Yes, but only through a special resolution, and any variation must not be prejudicial to the interests of employees who already hold options under that scheme. This requirement is explicitly stated in rule 12 of the Companies (Share Capital and Debentures) Rules, 2014.

What is the minimum vesting period allowed under Indian law?

Rule 12(6)(a) mandates a minimum period of one year between the grant date and the first vesting date. Companies can prescribe longer vesting periods. A four-year schedule with a one-year cliff is a common structure among Indian startups, though the law prescribes only the one-year minimum.

What happens to unvested options when a company is acquired?

The scheme should give the authority the discretion to accelerate vesting of unvested options upon a liquidation event, or to settle them in cash. If the scheme is silent, unvested options may be cancelled, rolled over into acquirer equity, or handled according to whatever the acquirer agrees to in the deal. 

What is the role of Ind AS 102 in an ESOP scheme?

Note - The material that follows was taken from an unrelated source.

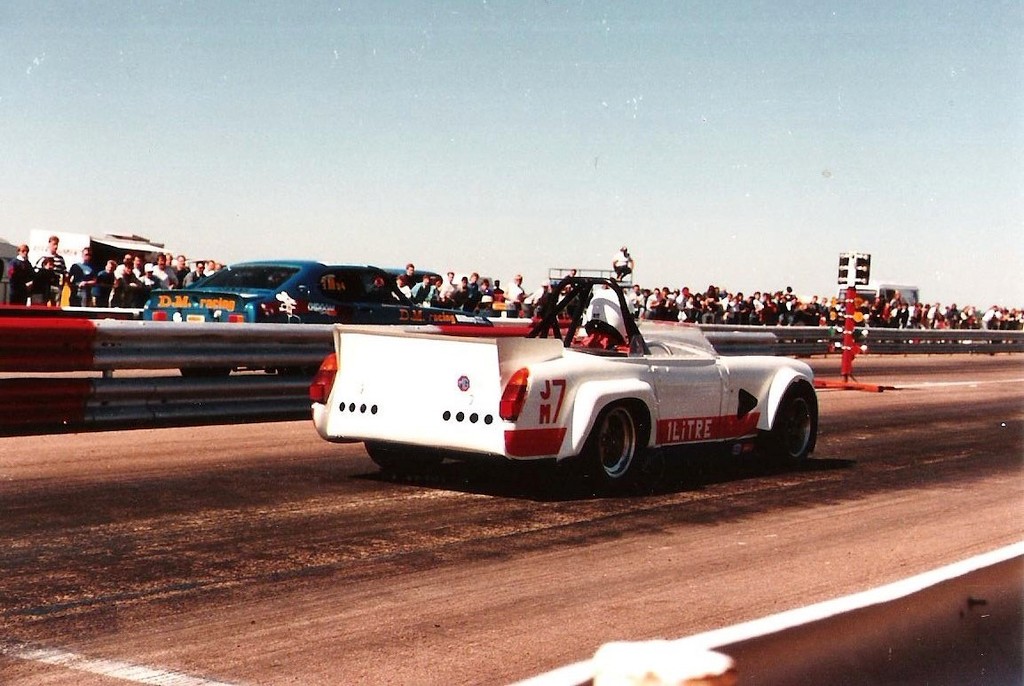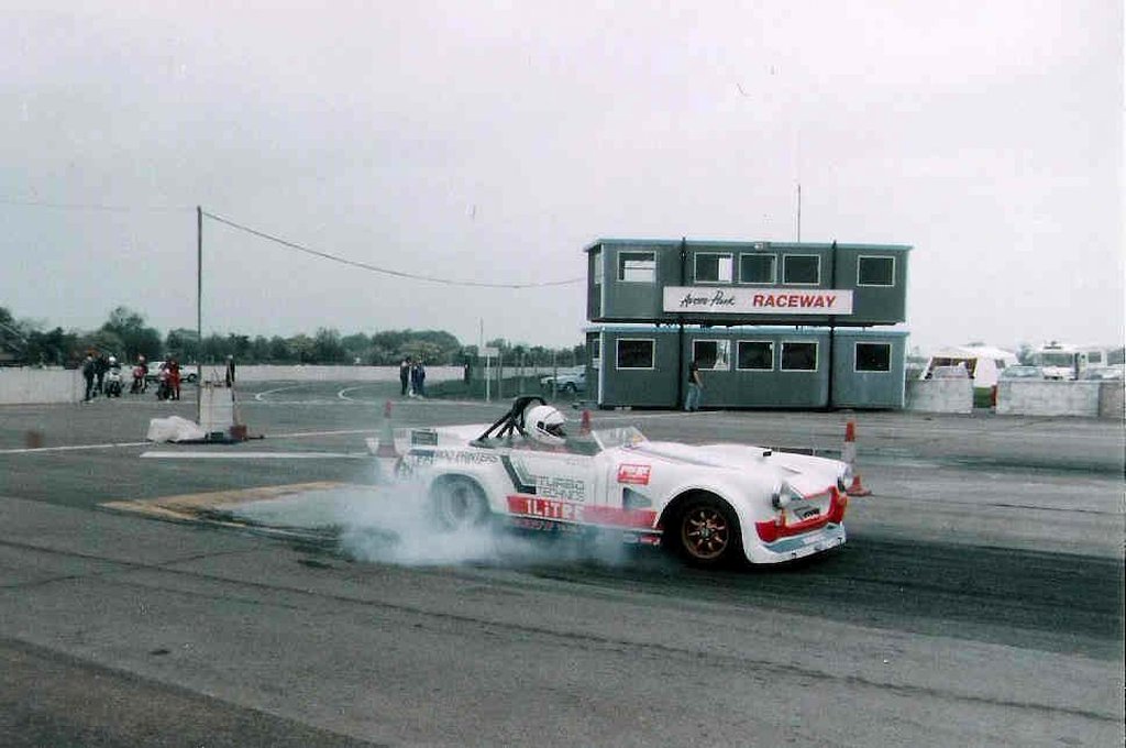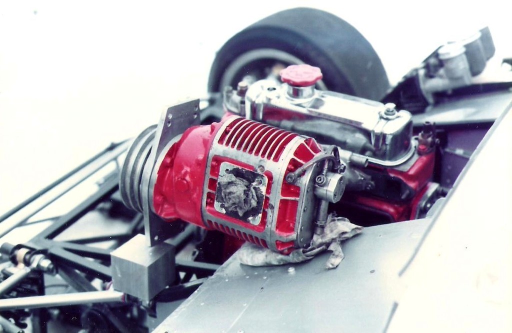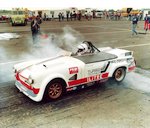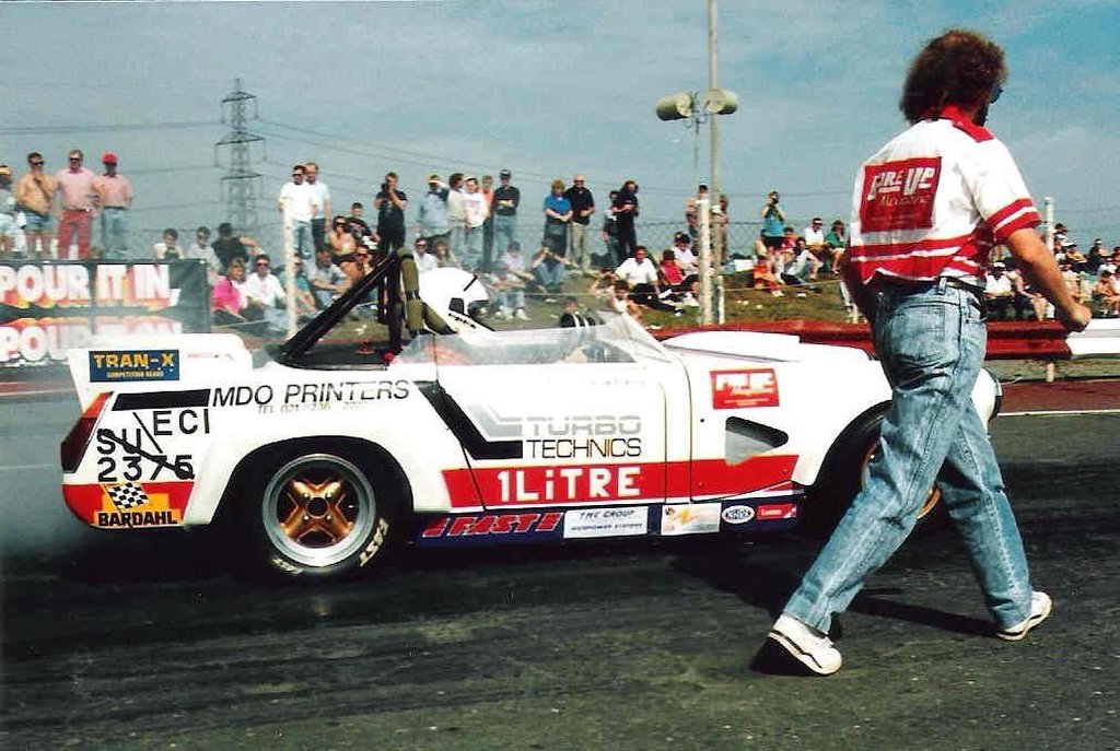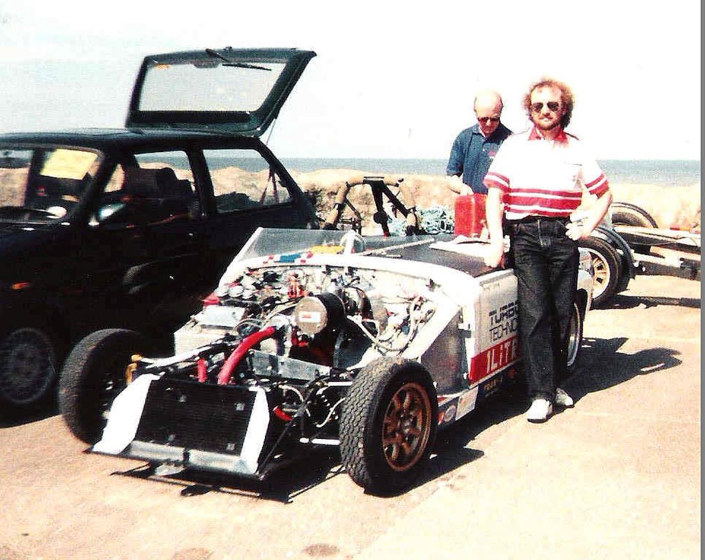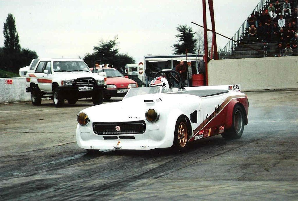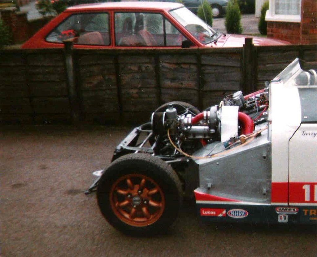 I got to the point with the Berkeley where I’d gone way down on the engine size, still a BMC ‘A’ series engine but its only 850cc now with a tiny turbocharger, I’d adapted it to run 12’s to low 13’s to that specification but it never got there, the best we got out of it was a 13.9. One reason is the turbocharger takes time to speed up and it bogs on the line, gets to the 1/8th mile and it takes off. I thought I should get it back to somewhere where it should be once I picked back up on the Berkeley again, capacity wise. I’d done one or two modifications. I’d realized the one problem was not being able to get off the line. The slicks that were on there were not helping, they were just sticking. So, I put road going tyres on the back again and also added some Nitrous when you’d got full throttle. The Nitrous was fitted so that there was enough pressure in the inlet system which should have helped it off the line, then when it got to about 5 to 6 lbs pressure in the inlet system the Nitrous cut out and the turbocharger took over but I never got to try it. The theory is great but whether it would work in practice I’ll never know.

Ind AS 102 (Share-Based Payment) applies to companies that prepare financial statements under Ind AS. It requires those companies to recognise ESOP-related costs as an expense in their financial statements, calculated using option pricing models such as Black-Scholes. Companies that report under Indian GAAP follow the ICAI guidance note on accounting for share-based payments instead. Whichever standard applies, the scheme must include a statement of the company's intent to comply with applicable accounting standards. This is not only a compliance obligation; it affects reported profitability and is closely reviewed by auditors and investors.

Can employees transfer their options to a family member?

No. Under rule 12(8)(a) and (b), options are non-transferable and cannot be sold, pledged, or assigned. The only exception is transmission to nominees or legal heirs upon the death of the employee.